__PROBLEM DETAILS__
Lines from the one with "Kaugtuli, Osram LED" up to and including the one with "(4)将温泉蛋打入碗中,再舀" are to be copied exactly from the records below, without their pictures.
╭─ DATASET RECORDS
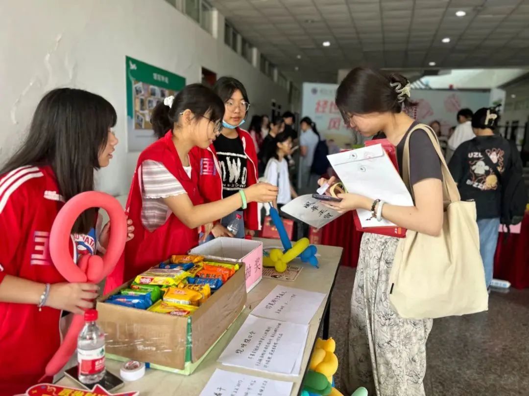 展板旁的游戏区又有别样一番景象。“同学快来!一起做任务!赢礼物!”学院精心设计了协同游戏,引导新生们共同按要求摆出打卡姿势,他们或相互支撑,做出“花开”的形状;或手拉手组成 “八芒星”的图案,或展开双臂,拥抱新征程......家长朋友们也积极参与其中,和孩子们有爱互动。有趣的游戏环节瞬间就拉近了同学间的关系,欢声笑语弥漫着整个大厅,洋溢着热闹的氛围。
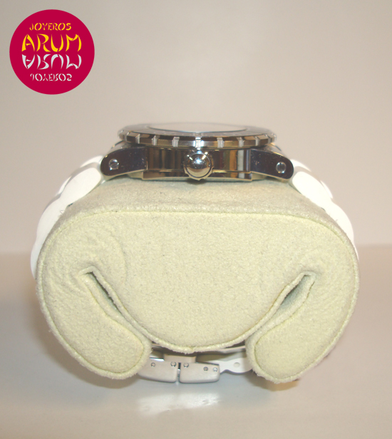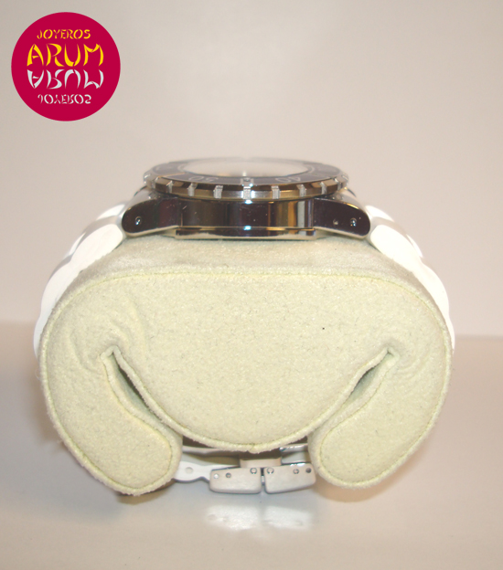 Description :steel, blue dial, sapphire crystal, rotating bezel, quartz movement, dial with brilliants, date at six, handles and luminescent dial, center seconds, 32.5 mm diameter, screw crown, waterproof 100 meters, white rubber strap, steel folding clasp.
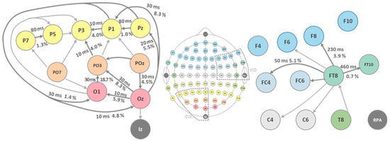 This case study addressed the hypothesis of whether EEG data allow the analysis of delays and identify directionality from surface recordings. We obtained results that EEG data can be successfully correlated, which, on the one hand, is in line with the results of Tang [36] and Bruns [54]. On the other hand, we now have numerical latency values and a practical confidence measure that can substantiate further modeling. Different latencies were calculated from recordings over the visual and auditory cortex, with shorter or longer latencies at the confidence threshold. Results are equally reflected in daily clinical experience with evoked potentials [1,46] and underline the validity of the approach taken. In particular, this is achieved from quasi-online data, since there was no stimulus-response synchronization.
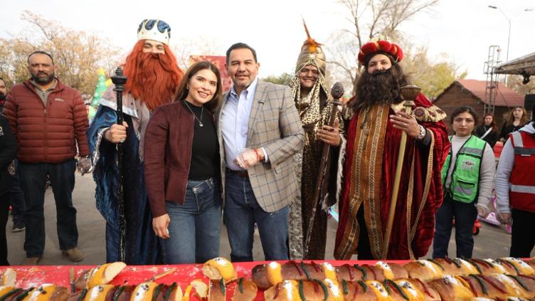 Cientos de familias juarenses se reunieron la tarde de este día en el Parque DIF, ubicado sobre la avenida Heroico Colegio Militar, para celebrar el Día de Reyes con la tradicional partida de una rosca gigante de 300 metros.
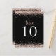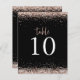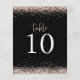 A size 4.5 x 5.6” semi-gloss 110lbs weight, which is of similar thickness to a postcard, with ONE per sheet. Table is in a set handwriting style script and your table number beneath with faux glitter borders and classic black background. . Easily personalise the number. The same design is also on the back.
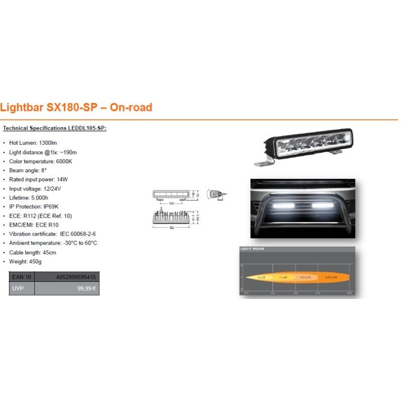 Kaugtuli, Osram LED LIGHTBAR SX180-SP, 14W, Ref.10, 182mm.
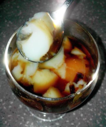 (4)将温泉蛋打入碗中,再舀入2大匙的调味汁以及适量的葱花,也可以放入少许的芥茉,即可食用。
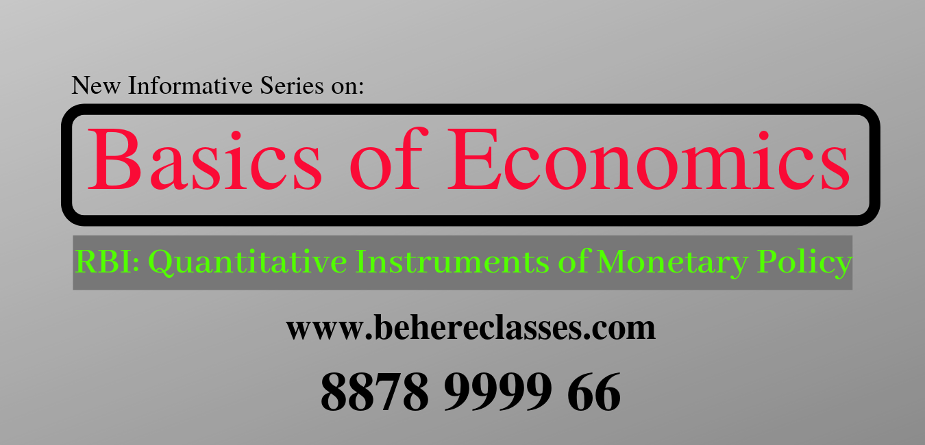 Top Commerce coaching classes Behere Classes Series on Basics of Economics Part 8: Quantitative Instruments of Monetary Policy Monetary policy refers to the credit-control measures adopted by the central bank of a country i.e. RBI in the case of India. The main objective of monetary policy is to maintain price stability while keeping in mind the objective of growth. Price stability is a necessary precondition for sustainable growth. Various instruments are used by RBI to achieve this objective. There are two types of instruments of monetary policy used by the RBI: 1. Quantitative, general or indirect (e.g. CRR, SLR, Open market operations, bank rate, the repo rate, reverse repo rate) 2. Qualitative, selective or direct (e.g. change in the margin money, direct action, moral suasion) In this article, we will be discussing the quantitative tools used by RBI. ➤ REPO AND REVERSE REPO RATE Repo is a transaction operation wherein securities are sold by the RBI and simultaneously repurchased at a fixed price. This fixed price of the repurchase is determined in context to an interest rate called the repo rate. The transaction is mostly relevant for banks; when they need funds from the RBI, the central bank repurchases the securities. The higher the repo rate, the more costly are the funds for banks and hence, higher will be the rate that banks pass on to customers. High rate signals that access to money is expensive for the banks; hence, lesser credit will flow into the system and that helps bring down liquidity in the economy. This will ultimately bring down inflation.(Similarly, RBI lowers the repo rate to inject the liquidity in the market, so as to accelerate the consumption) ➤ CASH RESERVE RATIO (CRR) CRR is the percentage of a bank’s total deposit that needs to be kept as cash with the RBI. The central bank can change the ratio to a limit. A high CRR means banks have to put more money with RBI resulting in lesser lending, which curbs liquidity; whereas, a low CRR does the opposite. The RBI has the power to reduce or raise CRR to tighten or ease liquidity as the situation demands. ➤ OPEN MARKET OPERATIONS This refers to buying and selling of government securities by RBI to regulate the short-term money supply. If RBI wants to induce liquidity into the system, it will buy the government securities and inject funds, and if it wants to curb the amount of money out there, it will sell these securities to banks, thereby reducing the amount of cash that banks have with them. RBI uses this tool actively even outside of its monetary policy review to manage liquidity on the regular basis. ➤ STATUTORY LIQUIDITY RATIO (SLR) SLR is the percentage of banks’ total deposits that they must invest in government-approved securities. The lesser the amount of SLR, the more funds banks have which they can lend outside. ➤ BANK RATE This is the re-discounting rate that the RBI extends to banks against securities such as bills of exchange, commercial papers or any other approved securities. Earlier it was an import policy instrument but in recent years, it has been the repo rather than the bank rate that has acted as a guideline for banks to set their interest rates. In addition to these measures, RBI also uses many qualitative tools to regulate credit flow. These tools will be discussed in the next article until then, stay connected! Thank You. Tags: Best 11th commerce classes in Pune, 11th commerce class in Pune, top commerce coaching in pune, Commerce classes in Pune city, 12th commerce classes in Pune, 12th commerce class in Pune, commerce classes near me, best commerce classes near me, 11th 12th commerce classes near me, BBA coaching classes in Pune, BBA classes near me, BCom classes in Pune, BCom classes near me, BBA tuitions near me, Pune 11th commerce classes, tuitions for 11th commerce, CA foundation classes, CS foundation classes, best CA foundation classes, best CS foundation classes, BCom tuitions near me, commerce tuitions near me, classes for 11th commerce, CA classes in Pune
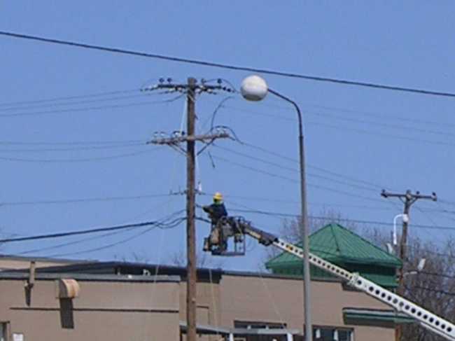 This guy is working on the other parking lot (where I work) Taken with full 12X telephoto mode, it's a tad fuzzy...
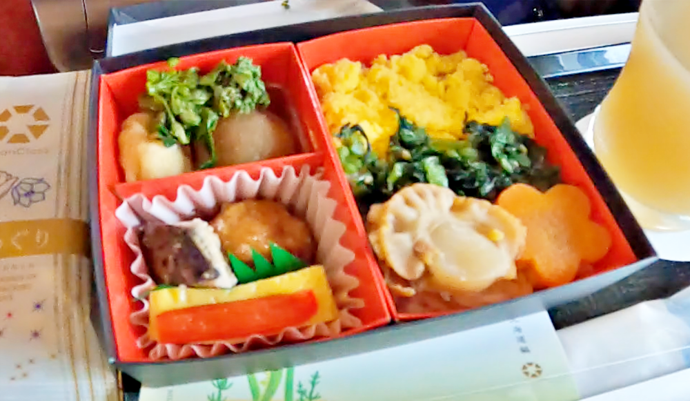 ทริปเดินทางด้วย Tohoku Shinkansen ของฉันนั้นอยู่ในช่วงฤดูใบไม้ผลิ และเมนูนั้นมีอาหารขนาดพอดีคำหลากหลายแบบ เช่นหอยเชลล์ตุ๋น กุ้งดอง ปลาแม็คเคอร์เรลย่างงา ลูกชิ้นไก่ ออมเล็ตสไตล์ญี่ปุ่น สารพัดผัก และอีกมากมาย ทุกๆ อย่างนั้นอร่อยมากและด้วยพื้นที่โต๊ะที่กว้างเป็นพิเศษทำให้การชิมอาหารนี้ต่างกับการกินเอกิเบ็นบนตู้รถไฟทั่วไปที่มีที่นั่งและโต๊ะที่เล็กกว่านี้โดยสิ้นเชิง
╰─
╭─ DATASET RECORDS
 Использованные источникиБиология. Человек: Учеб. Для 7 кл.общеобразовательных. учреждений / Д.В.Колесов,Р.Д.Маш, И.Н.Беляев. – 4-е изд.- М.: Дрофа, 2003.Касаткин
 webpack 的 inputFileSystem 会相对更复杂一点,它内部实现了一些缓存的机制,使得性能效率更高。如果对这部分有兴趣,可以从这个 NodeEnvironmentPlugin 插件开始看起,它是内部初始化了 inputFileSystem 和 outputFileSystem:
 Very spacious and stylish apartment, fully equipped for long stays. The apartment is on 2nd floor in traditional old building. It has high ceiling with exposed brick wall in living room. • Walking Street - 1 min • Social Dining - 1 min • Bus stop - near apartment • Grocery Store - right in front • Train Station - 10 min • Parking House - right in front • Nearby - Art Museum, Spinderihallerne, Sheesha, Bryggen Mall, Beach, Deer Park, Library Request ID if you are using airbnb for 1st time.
╰─
__FINAL ANSWER__
 Kaugtuli, Osram LED LIGHTBAR SX180-SP, 14W, Ref.10, 182mm.
 (4)将温泉蛋打入碗中,再舀入2大匙的调味汁以及适量的葱花,也可以放入少许的芥茉,即可食用。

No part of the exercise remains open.